BOISE, Idaho (AP) — Ramping up COVID-19 testing and tracing is key to Idaho's containment strategy, Gov. Brad Little said Friday, as authorities said they hope be consistently testing 2% of the state's population in the coming months.

“The whole goal of this is to scale up testing with tracing where we can do what Idaho likes to do in a good fire season, and that is get on those fires early and put them out," Little said at a news conference where a task force released recommendations for expanding testing in the state.

Among the goals:

(asterisk)Expanding testing across all populations, including symptomatic and asymptomatic people. Priority would be given to people like health care workers and nursing home residents.

(asterisk)Increasing spending on local testing capacity.

(asterisk)Limited use of antibody testing to determine who had been exposed to COVID-19.

The state has in the past weeks struggled to increase testing.

Elke Shaw-Telloch, Idaho Department of Health and Welfare administrator for public health, said federal officials recommend testing 2% of the population each month. She said Idaho has been sent 40,000 swabs and other testing materials for May, and it expect the same amount in June.
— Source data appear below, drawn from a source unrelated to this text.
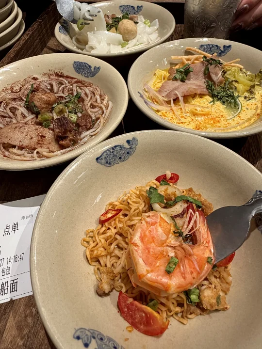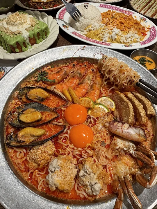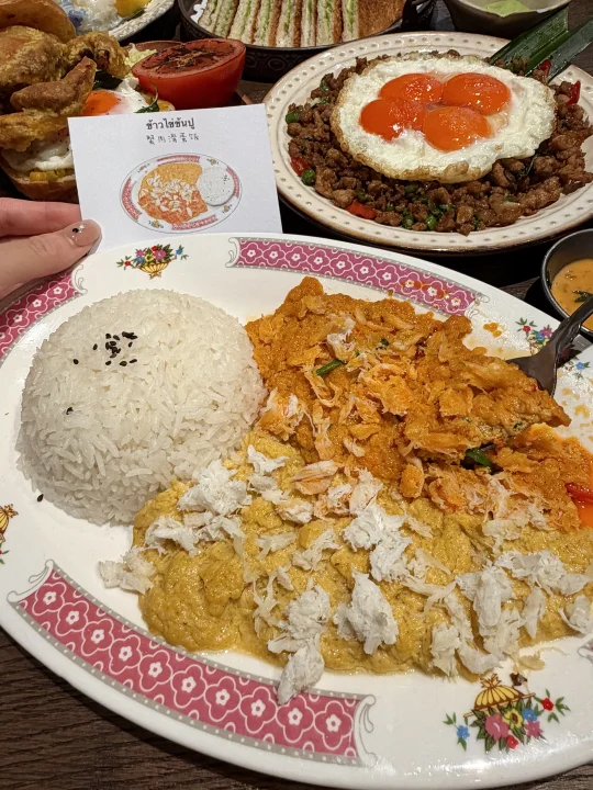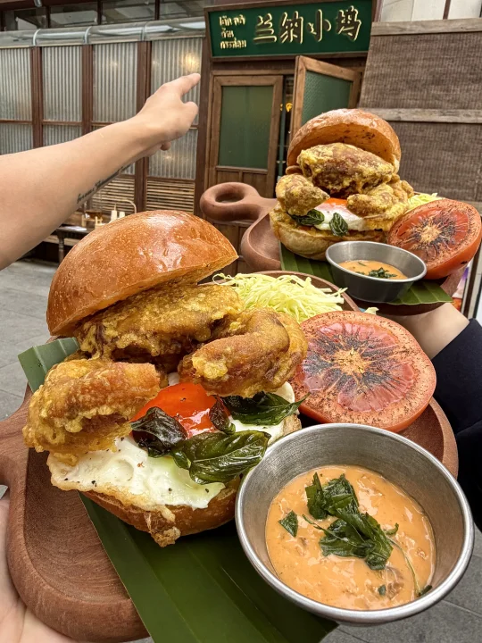 泰兰德同款泰国菜吼吼吃😭…… - ✔️软壳蟹汉堡 软壳蟹形状的汉堡🍔中间是一整颗流心蛋!! ✔️小碗船面 不用去泰兰德!义乌也能吃到同款船面啦🍜好多口味爽吃! ✔️泰奶布丁 QQ弹弹的泰奶布丁🍮泰奶脑袋尊嘟无法拒绝!!!
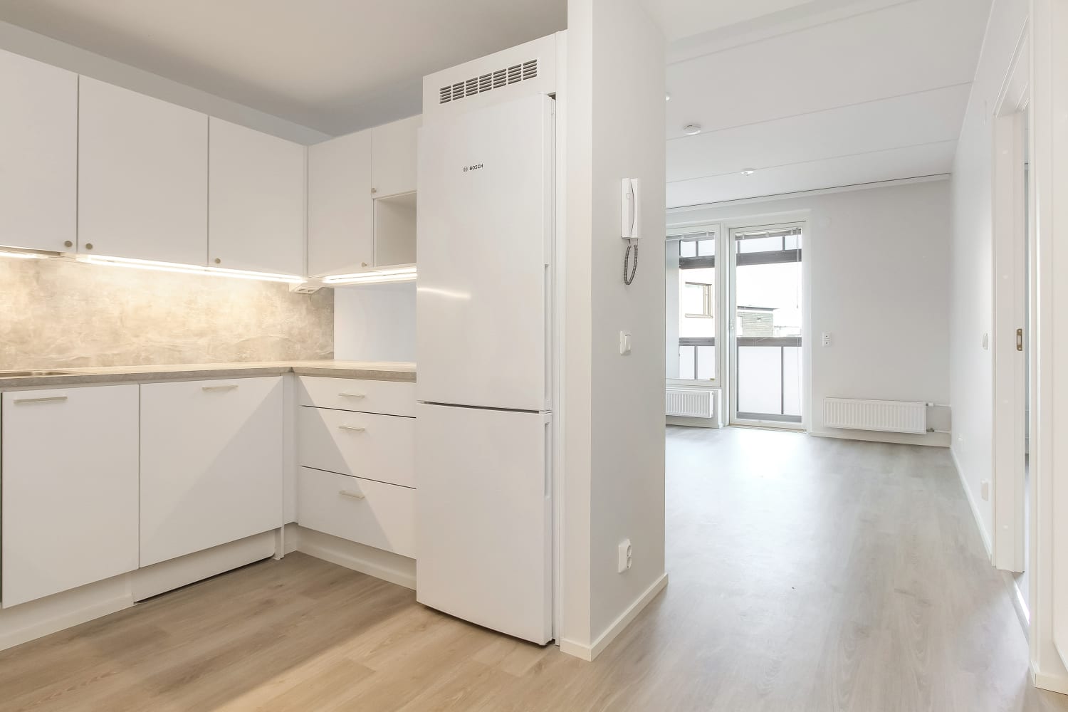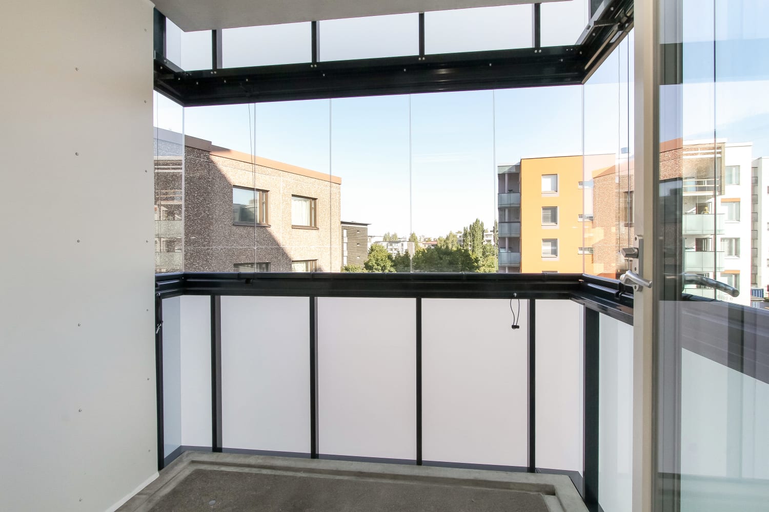 Selkeälinjaisen kaksion vaaleat pinnat miellyttävät silmää ja se on helppo kalustaa omaksi kodiksi. Keittiö on rajattu omaksi tilakseen, mutta kokkailijalla on avoimet näkymät olohuoneen puolelle väliseinän aukon kautta. Pihan puolelle avautuva lasitettu parveke on kesäaikaan kuin lisähuone.
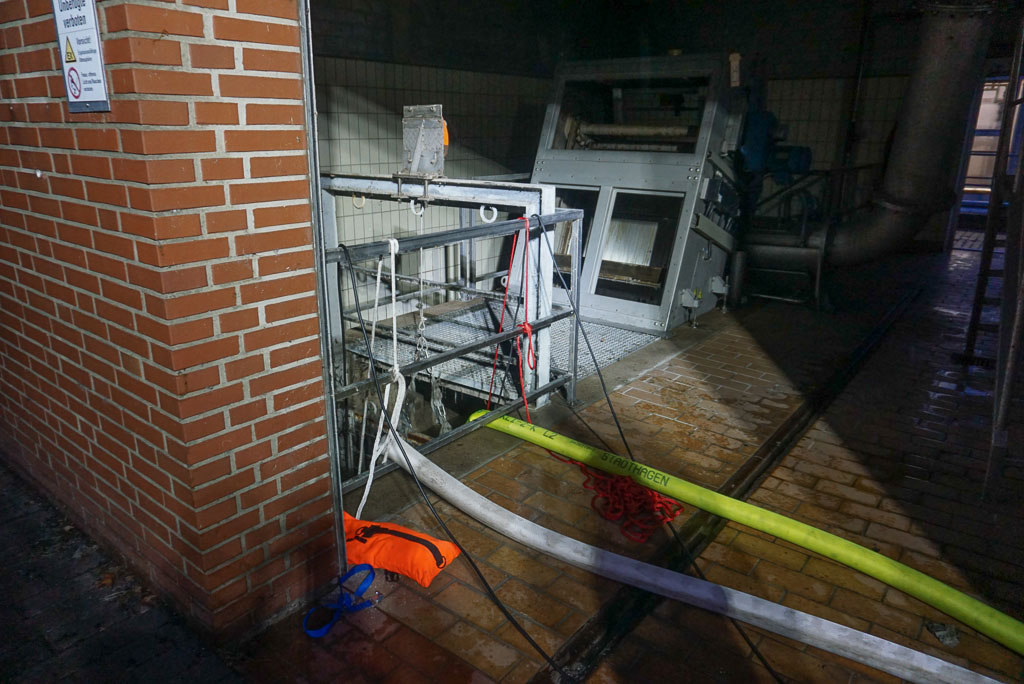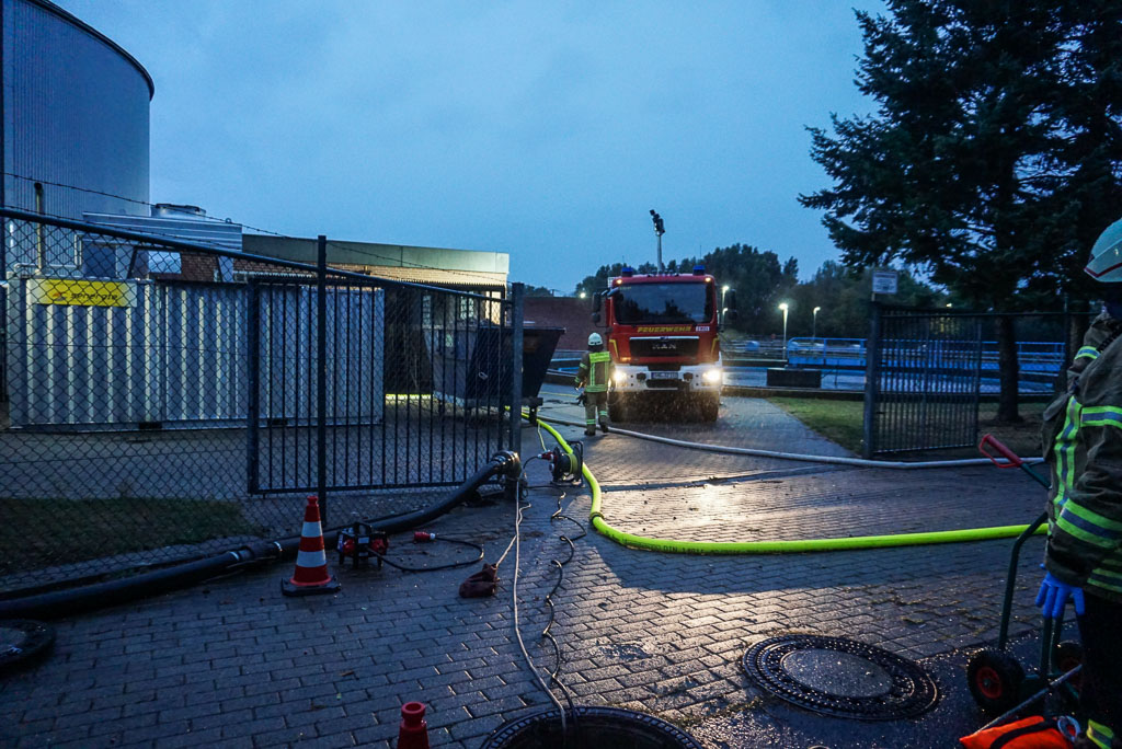 Als der Bereitschaftsdienst der Kläranlage an der Anlage ankam, kam ihm das Wasser bereits aus der Tür entgegen. Dieser informierte daraufhin die Feuerwehr und leitete das ankommende Wasser in ein Rückhaltebecken um, sodass es erst gar nicht an der Kläranlage ankommt. Die eintreffende Feuerwehr unterstützte die Mitarbeiter beim Trockenlegen der Pumpenräume. Um mehr Pumpen vor Ort zu haben wurde die Feuerwehr Enzen nachalarmiert. Da es hier um eine große Menge Wasser ging, zog sich der Einsatz von 18 bis 22 Uhr hin. Das Wasser wurde mit bis zu acht Pumpen gleichzeitig aus dem Keller in die Kläranlage und zum Teil in einen Graben geleitet. Die Feuerwehren Stadthagen und Enzen waren mit 35 Einsatzkräften vor Ort. (pr/Fotos: Feuerwehr Stadthagen)
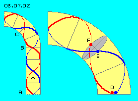 At earlier chapter ´Overlays´ was mentioned e.g. by picture 03.02.03 which variety of movement pattern can results from the overlaying of only two circled motions, only by varying turning speeds or turning directions and radius.
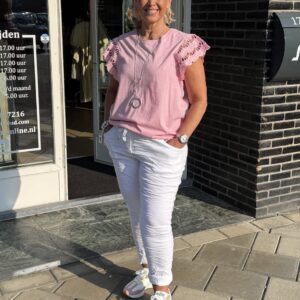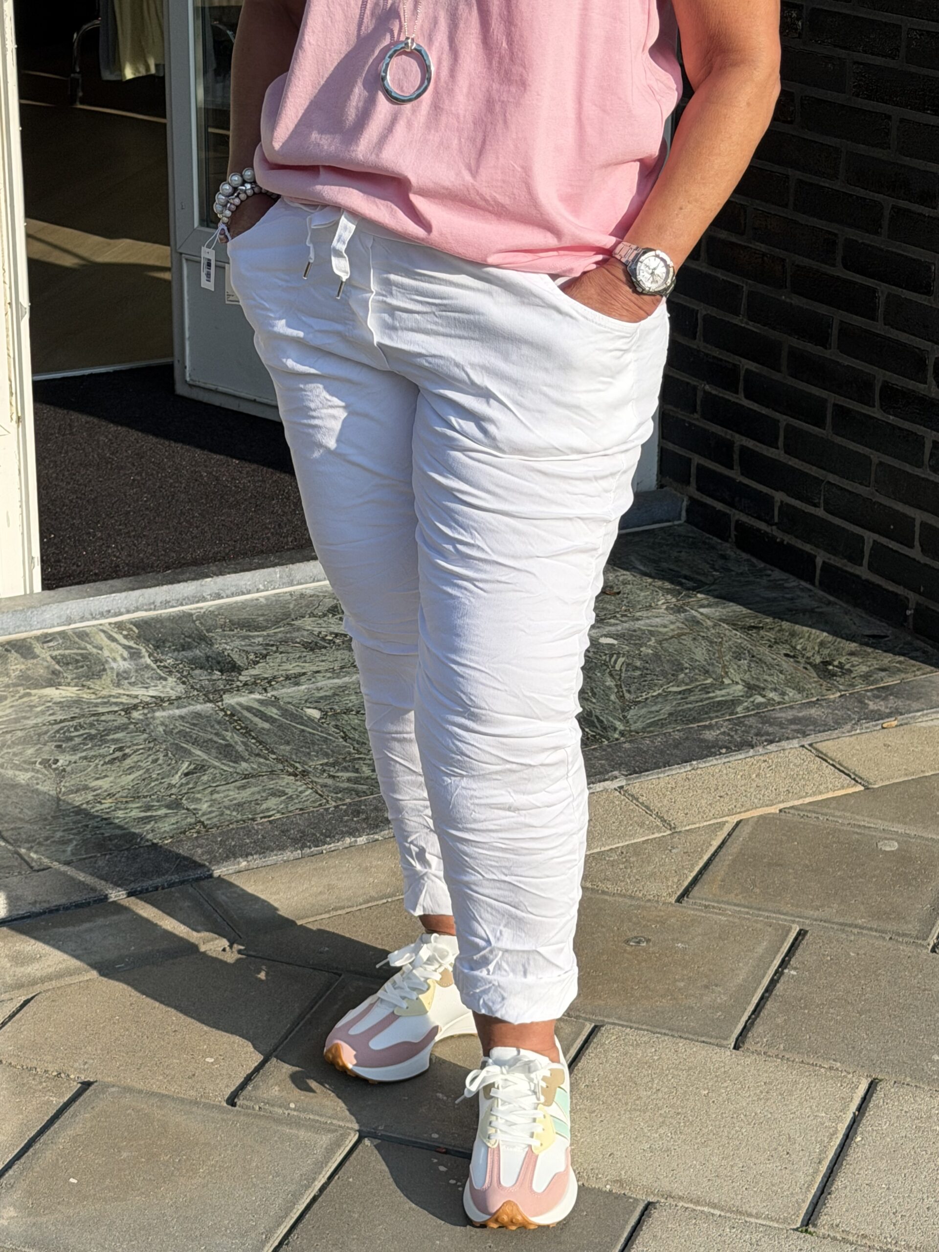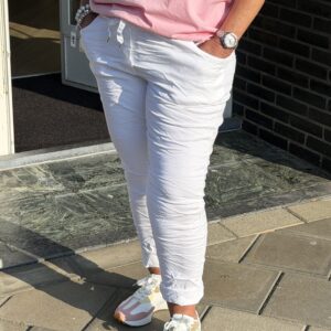 Comfortabele witte stretchbroek met elastische taille en strikdetail. De soepele pasvorm en zachte stof zorgen voor optimaal draagcomfort. Draagbaar van maat 44 t/m 50 en makkelijk te combineren
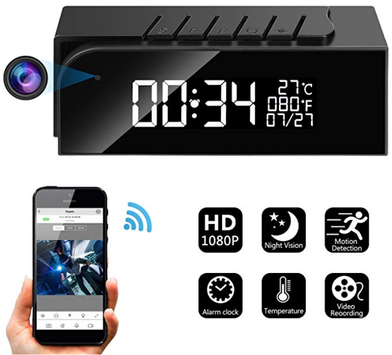 Wi-Fi kamera v digitálnych hodinách s nočným videním a detekciou pohybu IP035
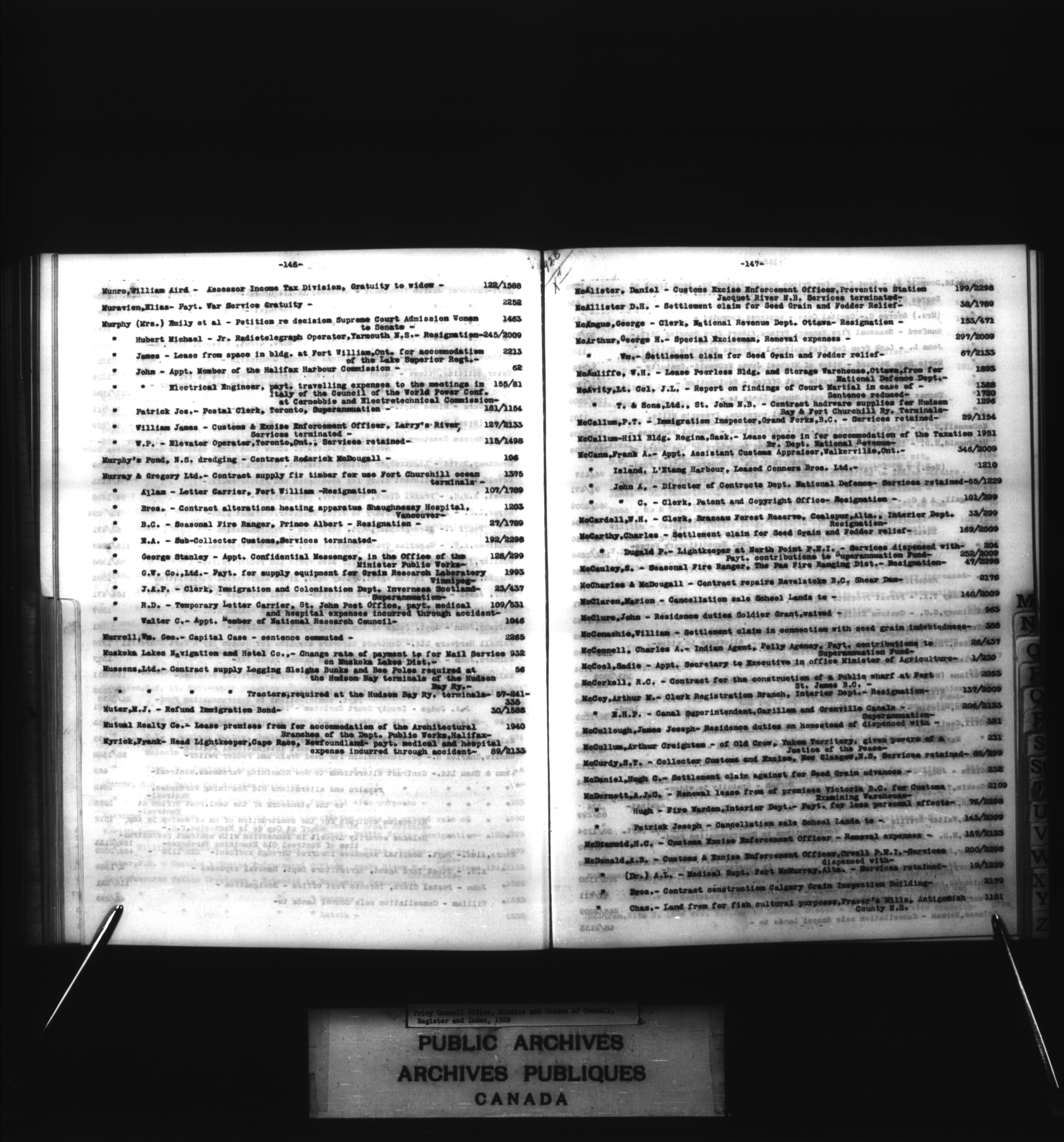Privy Council Office, Minutes and Orders of Council : register and index
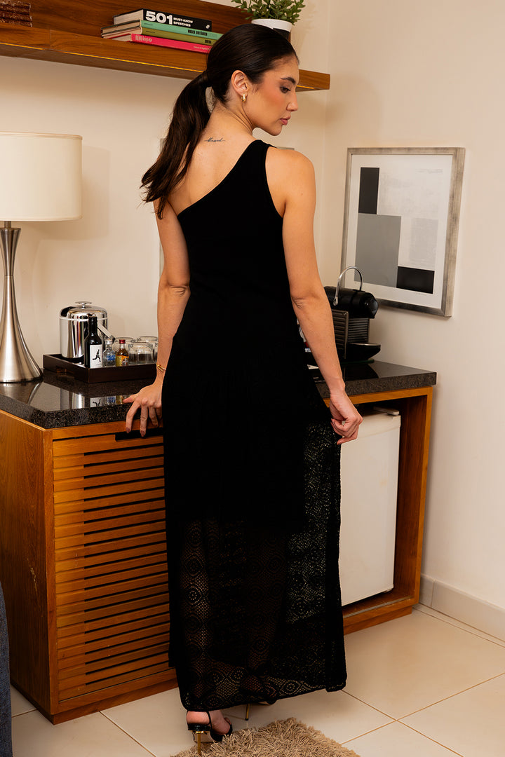 Vestido em tricot no fio Rayon. Peça com decote em um ombro só. A parte de cima (corpo) é estruturada e se ajusta ao corpo. Na parte da saia, o ponto é trabalhado na renda. Arte pura, no melhor estilo Fofolã!!
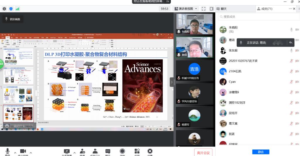 4月1日下午,应太阳成集团tyc234cc邀请,国家特聘青年专家、南方科技大学机械与能源工程系葛锜研究员为公司师生作了题为多功能增材制造:从3D到4D打印的高端线上学术报告。报告会由太阳成集团tyc234cc朱晓阳老师主持,相关专业师生200余人参加。
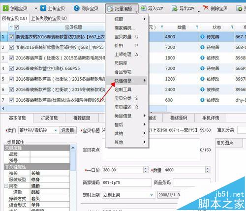 5、點擊批量編輯--快遞信息,如圖所示

Shaw-Telloch said the state public health lab can run 200 COVID-19 tests a day, while the Veterans Administration can accommodate non VA-patient testing for urgent cases. And she said the Federal Emergency Management Agency has helped deploy point-of-care testing units in Idaho to every health district in the state.

“This will help, but more testing needs to be in order," she said.

Idaho has had more than 2,500 confirmed COVID-19 cases and at least 77 deaths. The virus causes mild to moderate symptoms in most patients, and the vast majority recover. But it is highly contagious and can cause severe illness and death in some patients, particularly the elderly and those with underlying health conditions.